**TASK**
Where the line containing "This visitor is" appears below, start there and repeat each line exactly to the end. Leave the pictures out.

(Collected data entries)
● ● ● ● ● ● ●

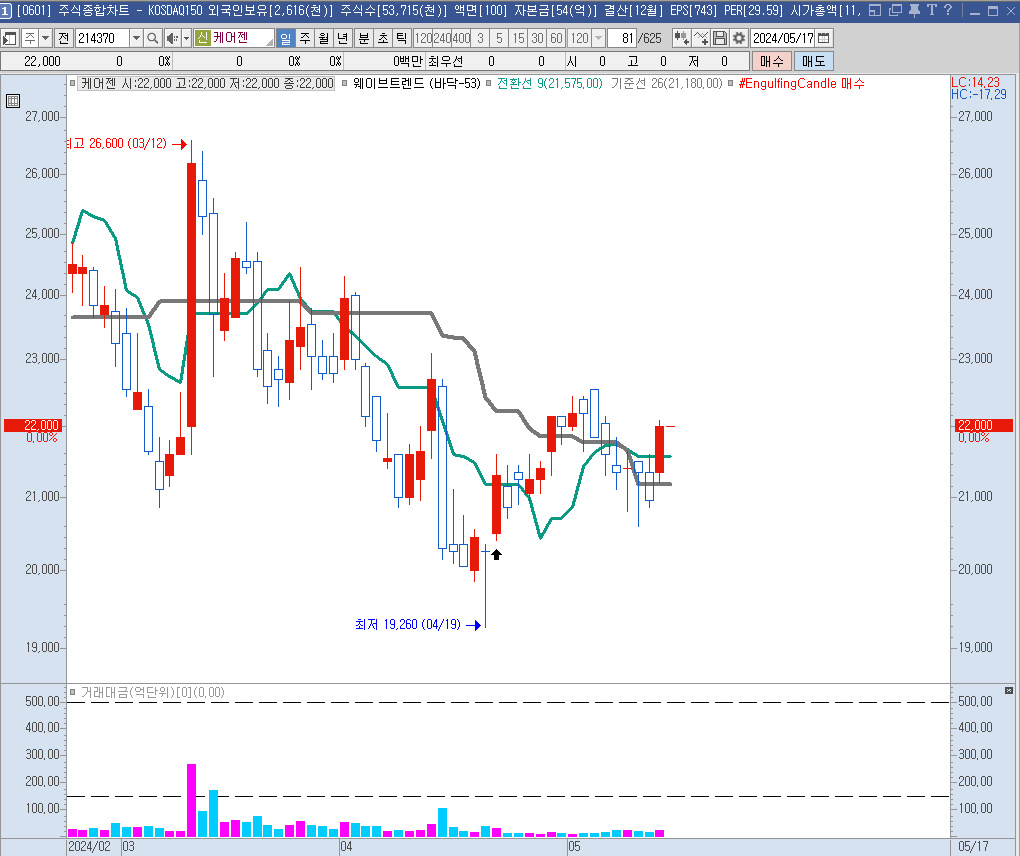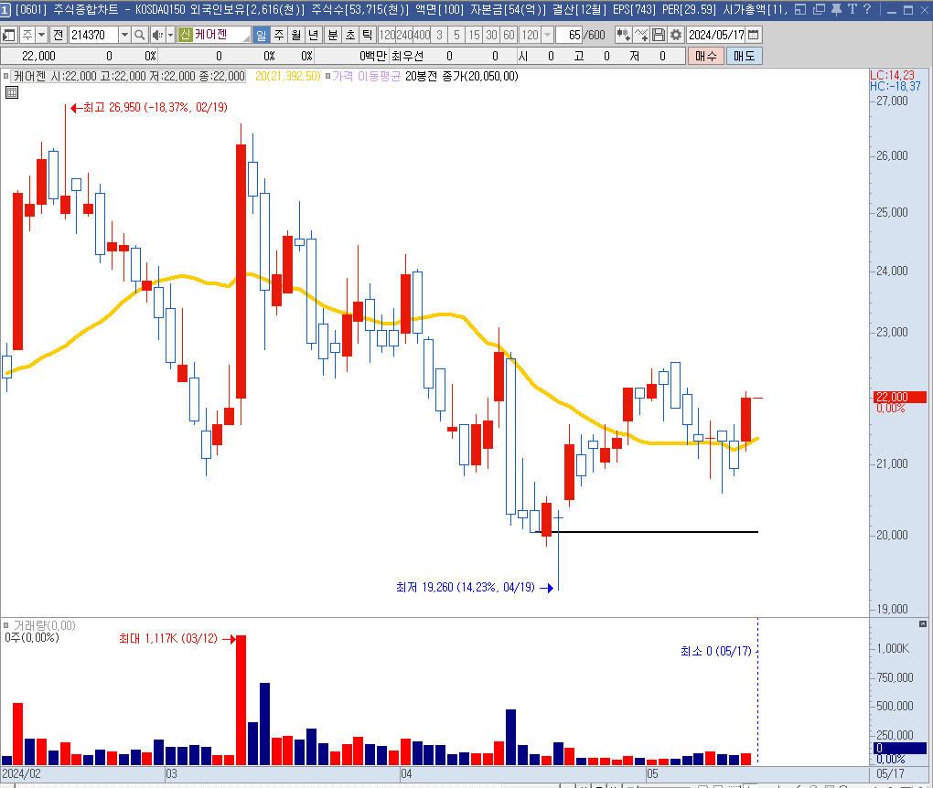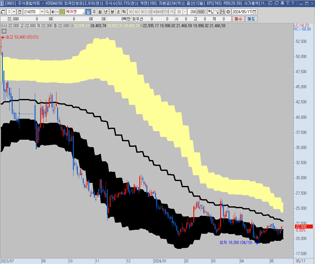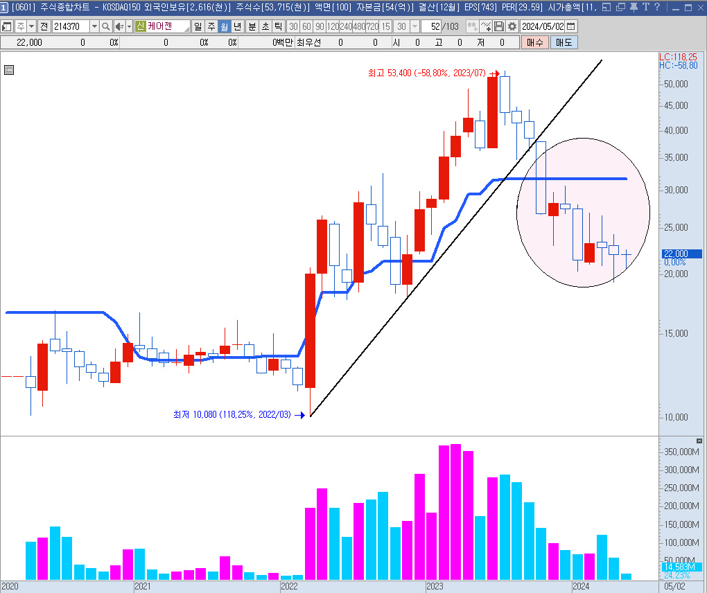 여러 화장품 관련 회사들의 움직임을 보다가 하락이 가팔랐던 케어젠을 살펴보기로 했다.
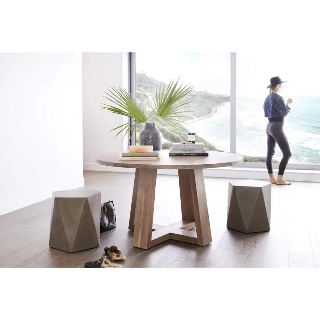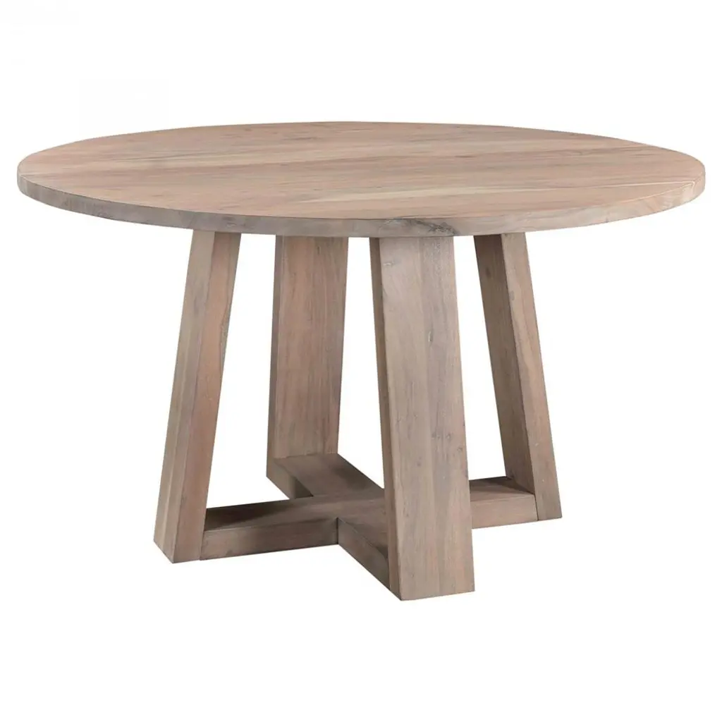 Karlee Modern Classic White Washed Acacia Wood Round Dining Table - 54"w
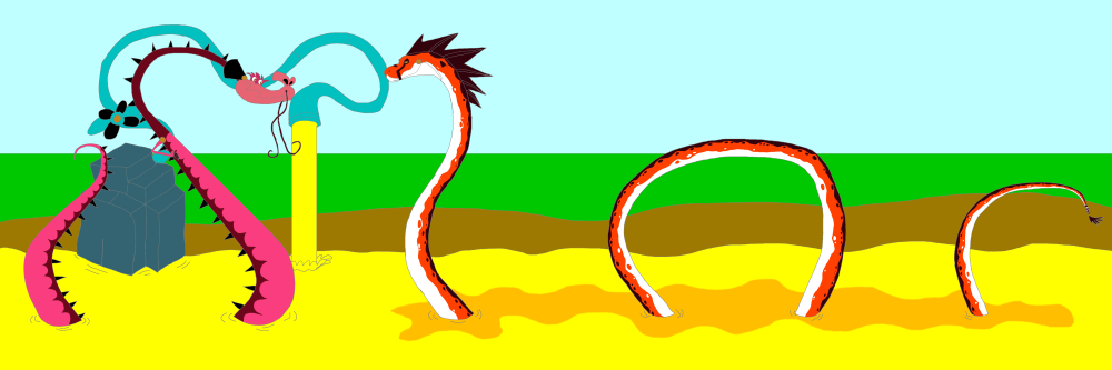 This visitor is none other than an original character created by professional serpentine creature artist SpicyNoodleArt known as Zakk the Titan Wyrm. I have made painstaking efforts to faithfully reproduce this giant serpent's skin and scales, including all the spots and blotches, in hopes that this original character's creator will be impressed enough to use their skills to create their own take on Denize!
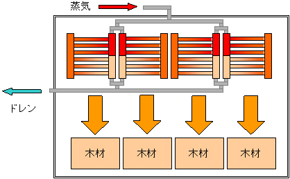以前は主に海外の大型集成材ラミナ工場向けの乾燥機として活躍していましたが、近年は国内での羽柄材や集成材ラミナの乾燥の需要が増加し、板材の大量生産工場向け乾燥機として脚光を浴びています。
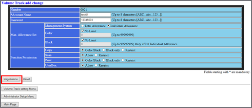 Modifiez [Account Name], [Password], [Max. Allowance Set] et [Function Permission]. Vous pouvez modifier ces données de la même manière que pour les enregistrer. Pour en savoir plus, voir Enregistrement des données d'un nouveau compte département sur le navigateur.
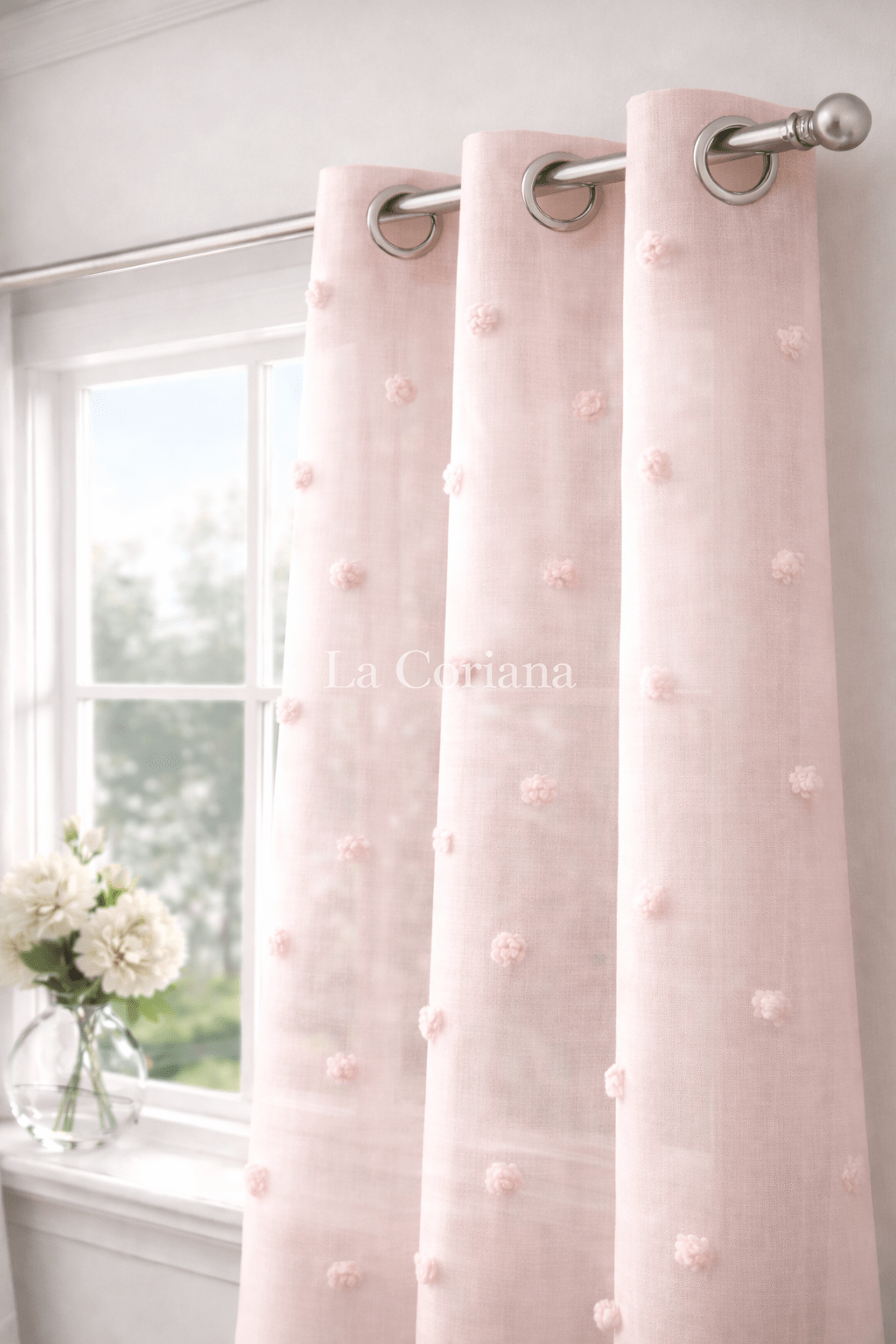 Visillo ligero y translúcido ideal para vestir la ventana aportando luz y delicadeza. Su tejido vaporoso deja pasar la claridad natural manteniendo la intimidad, y los pequeños pompones decorativos le dan un toque romántico y elegante. Confeccionado con ollaos metálicos para una colocación fácil y caída perfecta.

● ● ● ● ● ● ●

**SOLUTION BELOW**
 This visitor is none other than an original character created by professional serpentine creature artist SpicyNoodleArt known as Zakk the Titan Wyrm. I have made painstaking efforts to faithfully reproduce this giant serpent's skin and scales, including all the spots and blotches, in hopes that this original character's creator will be impressed enough to use their skills to create their own take on Denize!
以前は主に海外の大型集成材ラミナ工場向けの乾燥機として活躍していましたが、近年は国内での羽柄材や集成材ラミナの乾燥の需要が増加し、板材の大量生産工場向け乾燥機として脚光を浴びています。
 Modifiez [Account Name], [Password], [Max. Allowance Set] et [Function Permission]. Vous pouvez modifier ces données de la même manière que pour les enregistrer. Pour en savoir plus, voir Enregistrement des données d'un nouveau compte département sur le navigateur.
 Visillo ligero y translúcido ideal para vestir la ventana aportando luz y delicadeza. Su tejido vaporoso deja pasar la claridad natural manteniendo la intimidad, y los pequeños pompones decorativos le dan un toque romántico y elegante. Confeccionado con ollaos metálicos para una colocación fácil y caída perfecta.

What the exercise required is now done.